• **Exercise prompt**:
Using the data that follows, output only the lines from the line with "Immunofluorescence analysis of" up to and including the line with "朝は、台風の影響の心配されま", exactly, leaving pictures aside.

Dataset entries
┄┄┄┄┄┄
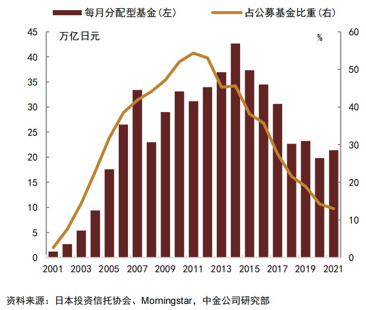 这一类的产品在日本和台湾是非常流行的,日本的第1款按月分配的红利型产品是在1997年发行的,这类产品在后面几年最高峰的时候达到了整个基金规模的50%以上,后面随着日本央行入市,加上市场整体走出低谷,定期分红类防御型基金产品的市场份额下降回落到30%。
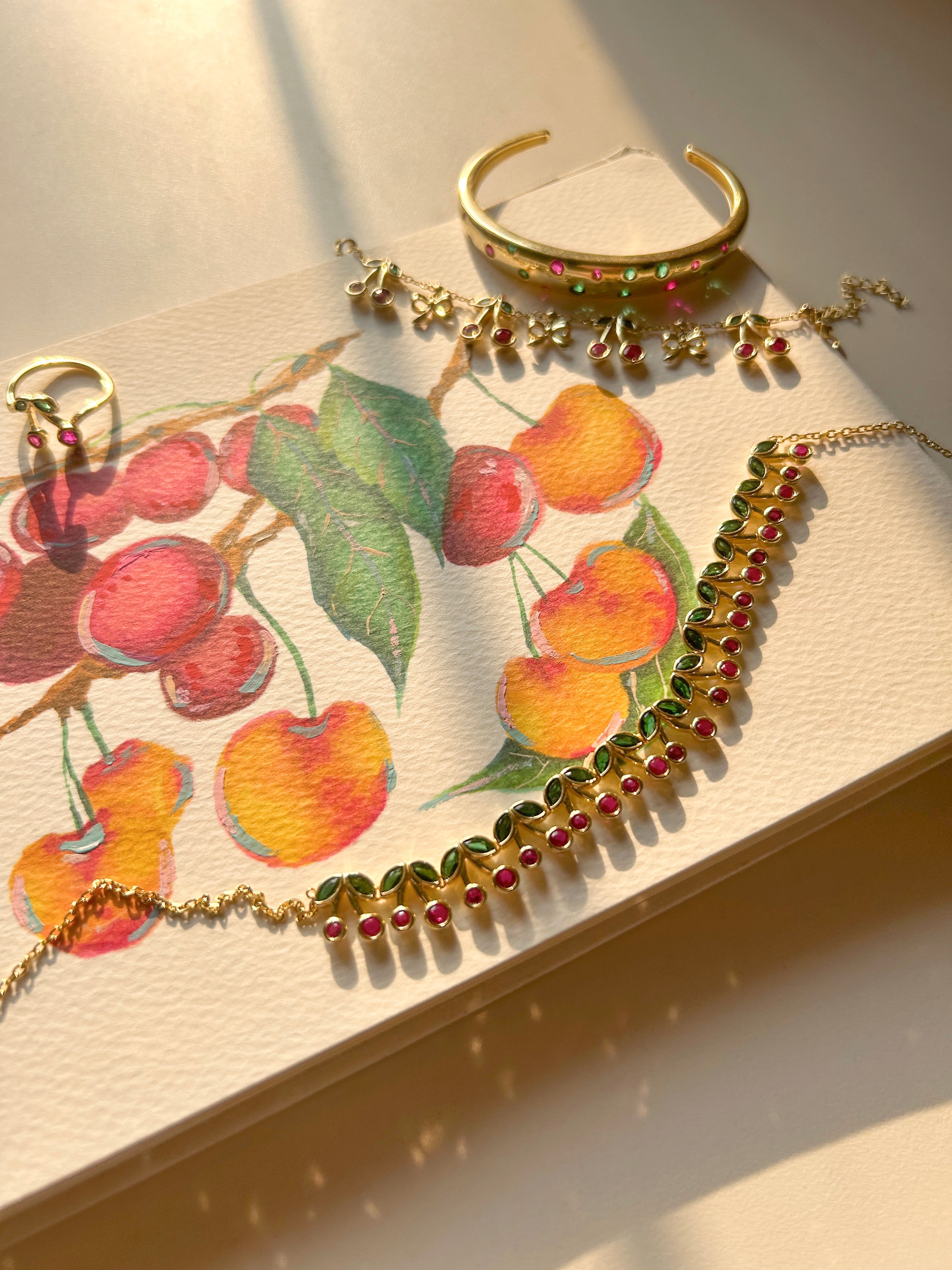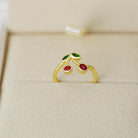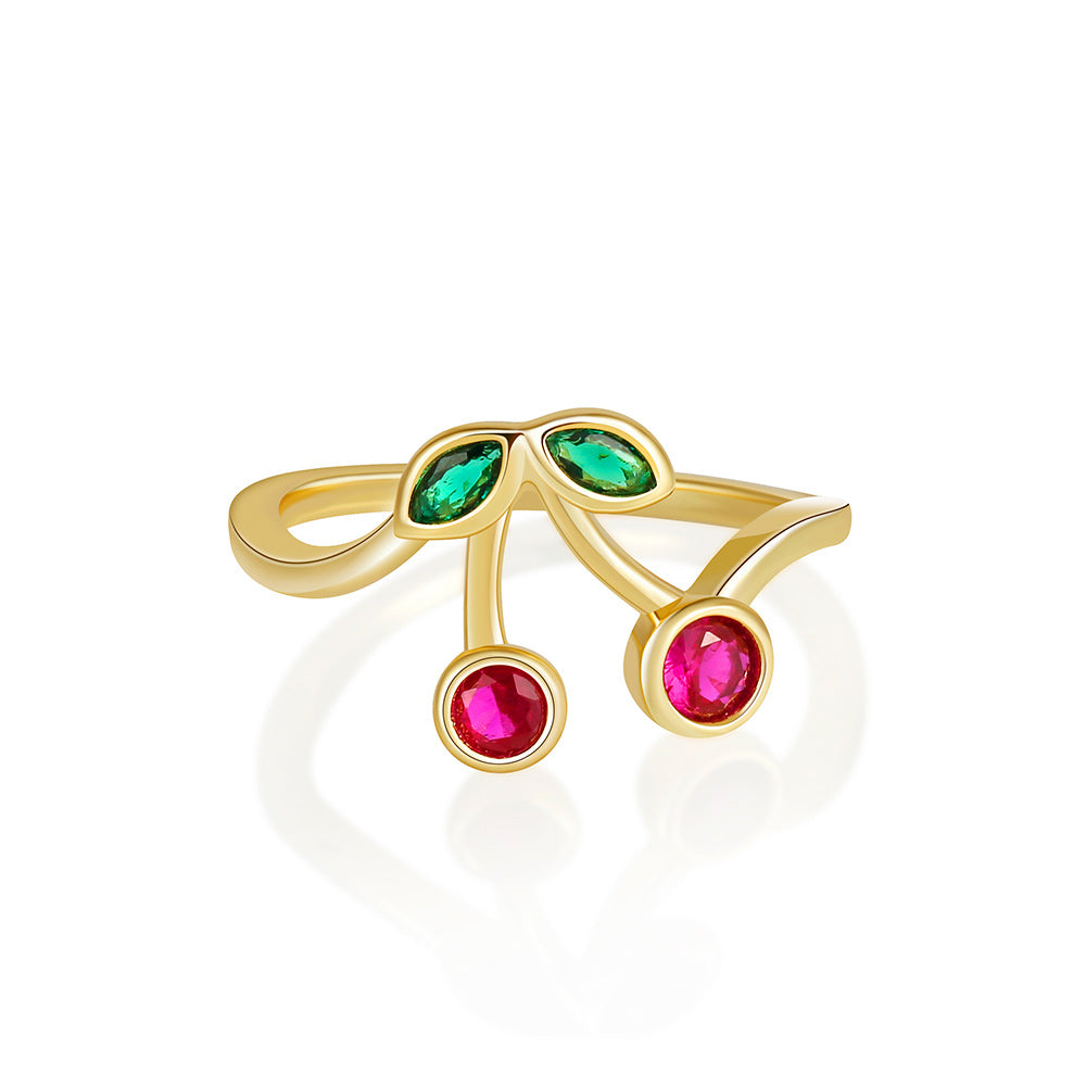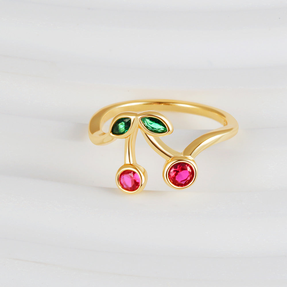 Capturing the charm of cherries with radiant ruby-colored stones and shimmering green accents, this ring brings a playful yet polished touch to your hand. Its delicate design makes it a versatile choice for everyday elegance.
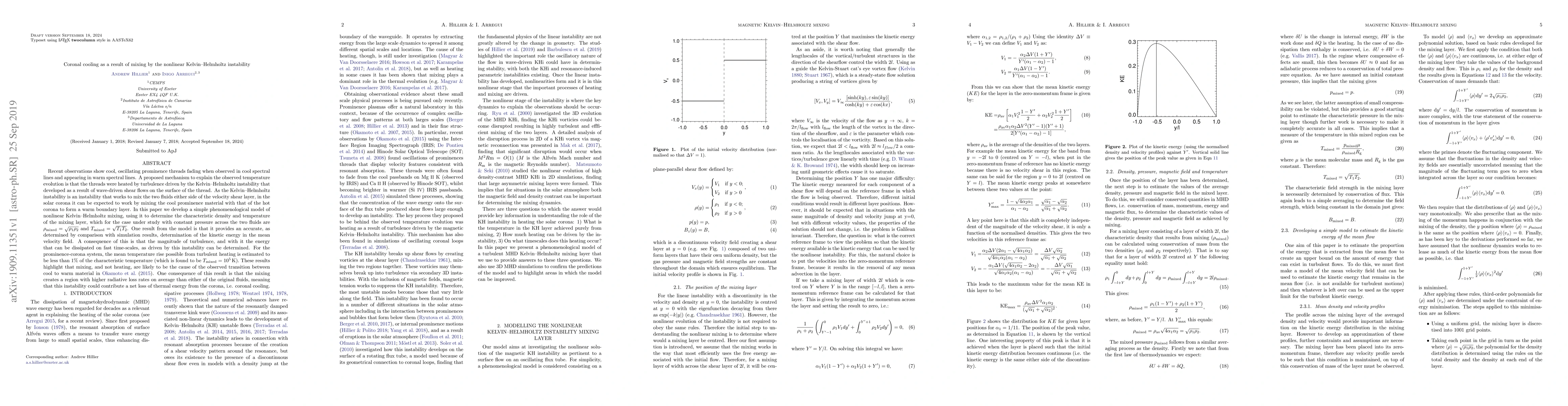 Recent observations show cool, oscillating prominence threads fading when observed in cool spectral lines and appearing in warm spectral lines. A proposed mechanism to explain this evolution is that the threads were heated by turbulence driven by the Kelvin--Helmholtz instability that developed as a result of wave-driven shear flows on the surface of the thread. As the Kelvin--Helmholtz instability is an instability that works to mix the fluids, in the solar corona it can be expected to work by mixing the cool prominence material with that of the hot corona to form a warm boundary layer. In this paper we develop a simple phenomenological model of nonlinear Kelvin--Helmholtz mixing, using it to determine the characteristic density and temperature of the mixing layer, which for the case under study with constant pressure across the two fluids are $\rho_{\rm mixed}=\sqrt{\rho_1\rho_2}$ and $T_{\rm mixed}=\sqrt{T_1T_2}$. One result from the model is that it provides an accurate, as determined by comparison with simulation results, determination of the kinetic energy in the mean velocity field. A consequence of this is that the magnitude of turbulence, and with it the energy that can be dissipated on fast time-scales, as driven by this instability can be determined. For the prominence-corona system, the mean temperature rise possible from turbulent heating is estimated to be less than 1\% of the characteristic temperature (which is found to be $10^5$\,K). These results highlight that mixing, and not heating, are likely to be the cause of the observed transition between cool to warm material in Okamoto et. al (2015). One consequence of this result is that the mixing creates a region with higher radiative loss rates on average than either of the original fluids, meaning that this instability could contribute a net loss of thermal energy from the corona, i.e. coronal cooling.
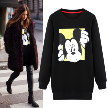 晶鑫悦2016冬季新款加绒加厚中长款保暖卡通印花细毛绒百搭卫衣女
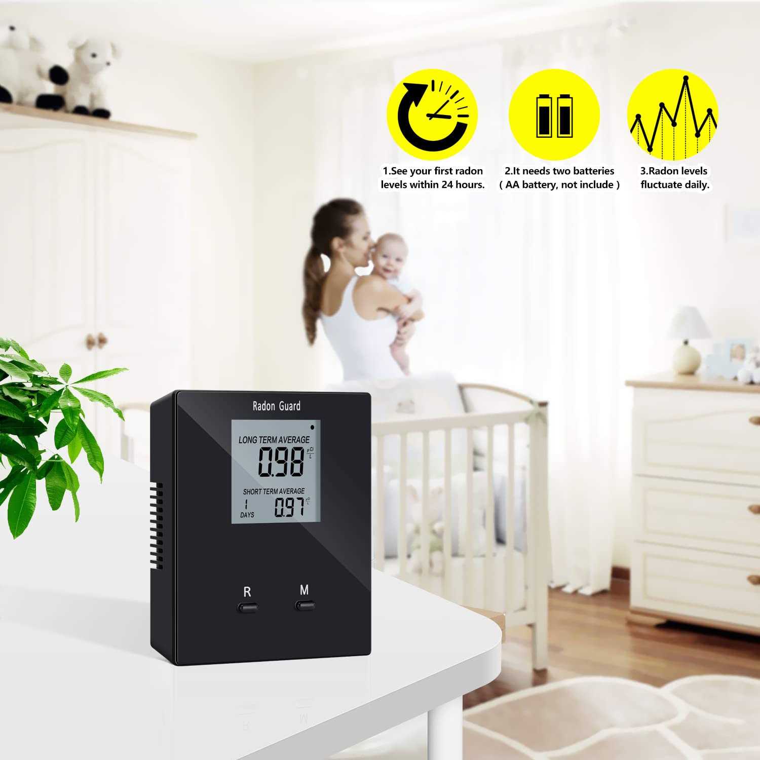 Do you want to know if your home have too much radon? Long term monitoring is necessary as radon levels fluctuate daily, to help you take more effective measures to prevent radon exceedance BE IN CONTROL: On-screen results show both long and short term readings, take action if your radon levels are high. It can be easily detected from room to room without needing to be recharged, making it easy to detect radon gas in your home, office, school, basement, or anywhere else KEEP HEALTH: Your home could be susceptible to a radon problem, so radon gas detector is required in every family because there is no guarantee that radon levels in your home will be lower than 2pCi/L. Especially in the family of infants, the elderly, pregnant women or sensitive people Is your family safe from Radon? Is your family safe from Radon? Although radon gas cannot be seen, smelled, or tasted, it is still possible for individuals to be exposed to harmful levels of it in their homes. Approximately 21,000 deaths per year in the United States are linked to radon gas. It is estimated that one out of every 15 homes in the US has levels of radon that are considered to be dangerous (over 4 pCi/L). Detection of radon gas is important. Remember to monitor radon daily so that you can make small adjustments to improve the quality of your air Specification: Sampling Method: Passive radon diffusion chamber Detection Method: Alpha spectrometry Power Supply: Rechargeable battery Operation Environment Temperature: 32 ~ 104°F Relative Humidity: <85% Measurement Range: 0 - 9999 pCi/L Accuracy: 5% ± 0.14 pCi/L
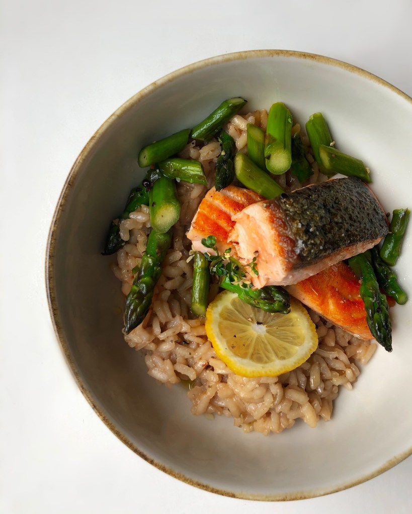 ·Zitronen-Thymian-Risotto mit grünem Spargel & Lachs·
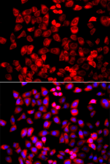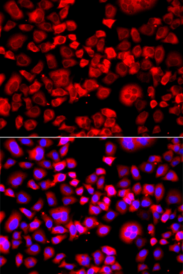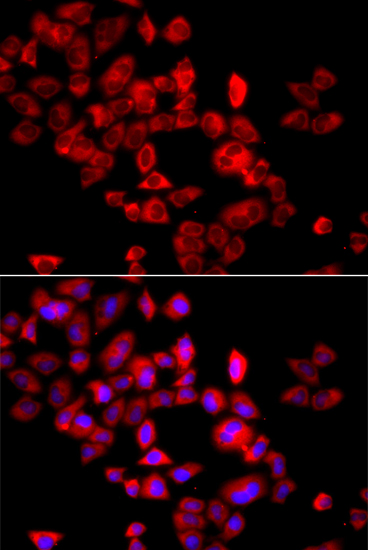 Immunofluorescence analysis of A549 cell using EIF4G1 antibody. Blue: DAPI for nuclear staining.
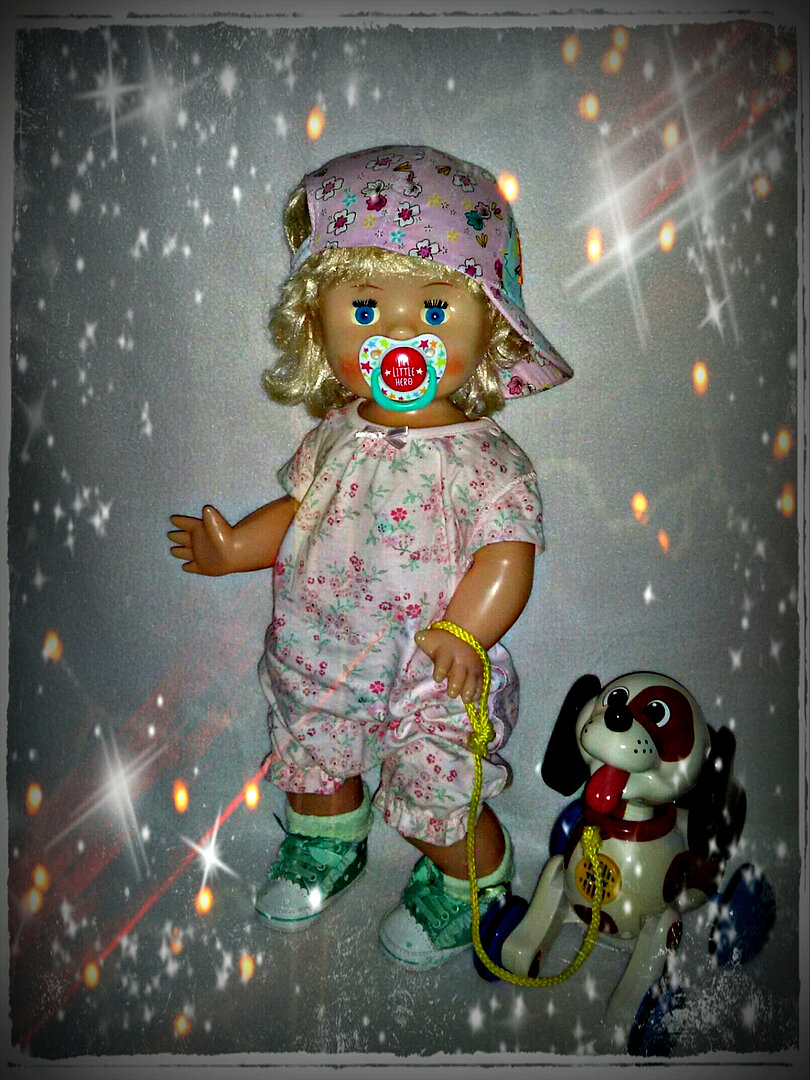 Вообще, эта кукла появилась в моей «Так себе Коллекции» неожиданно. Я искала подарок сестре (хотела подарить ей игрушку детства, об этом я рассказывала тут), а подарили подарок мне!) Приехала моя пацанка из Омска, где даже успела побыть экспонатом на одной из кукольных выставок. Девочка-девочка сразу потребовала кеды и кепку. А потом ещё и пустышку «говорящую», чтобы было понятно кто тут главный:).
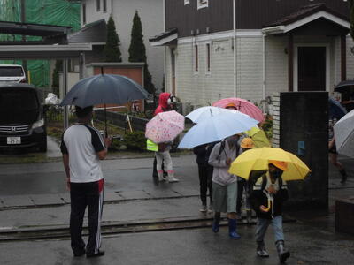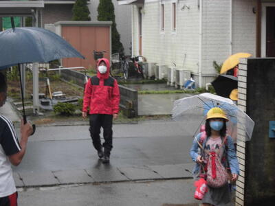 朝は、台風の影響の心配されましたが、子供たちはカサをさして登校しました。正門、昇降口、各教室で先生たちが登校した子供たちを迎えています。
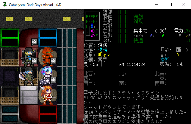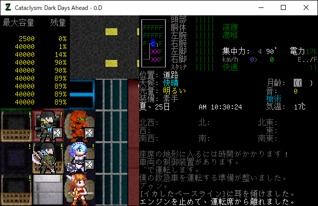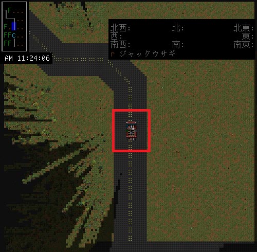 Cataclysmのプレイ日記を始めます。レスター南の遠征を開始しました。まだ道路を少し走行しただけだけどね。前回の投稿はミスにより戦車砲を発射してしまった。
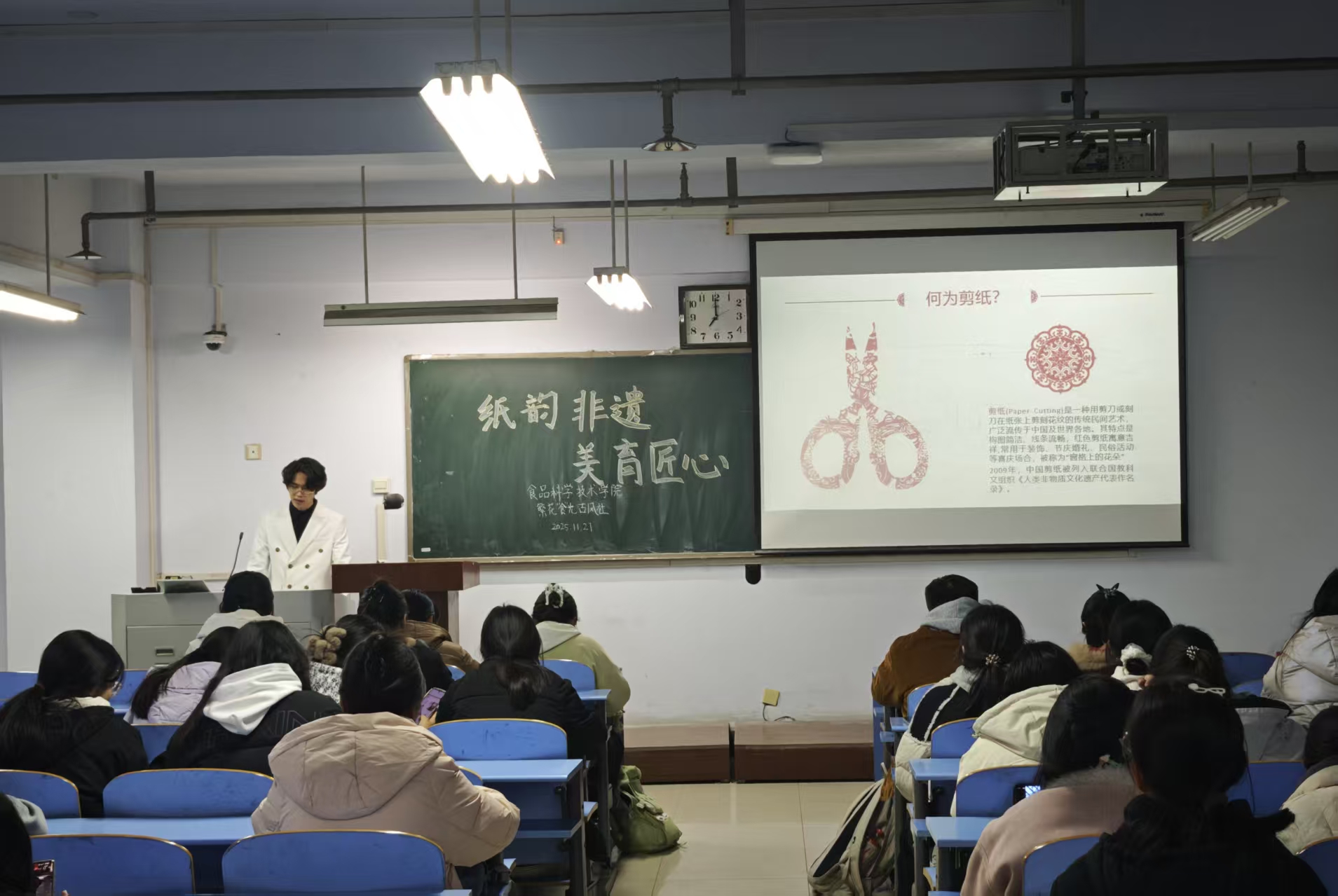 (通讯员  顾钧涵)红纸裁秋韵,匠心传非遗。为深度挖掘剪纸艺术的非遗文化内核,落实美育育人目标,搭建传统艺术交流平台,2025年11月27日,我院繁花“食”光古风社以“纸韵非遗,美育匠心”为主题在文化路校区推广楼207举办非遗剪纸美育课堂活动,吸引众多热爱传统艺术的学子踊跃参与。
┄┄┄┄┄┄
• **Task output**:
 Immunofluorescence analysis of A549 cell using EIF4G1 antibody. Blue: DAPI for nuclear staining.
 Вообще, эта кукла появилась в моей «Так себе Коллекции» неожиданно. Я искала подарок сестре (хотела подарить ей игрушку детства, об этом я рассказывала тут), а подарили подарок мне!) Приехала моя пацанка из Омска, где даже успела побыть экспонатом на одной из кукольных выставок. Девочка-девочка сразу потребовала кеды и кепку. А потом ещё и пустышку «говорящую», чтобы было понятно кто тут главный:).
 朝は、台風の影響の心配されましたが、子供たちはカサをさして登校しました。正門、昇降口、各教室で先生たちが登校した子供たちを迎えています。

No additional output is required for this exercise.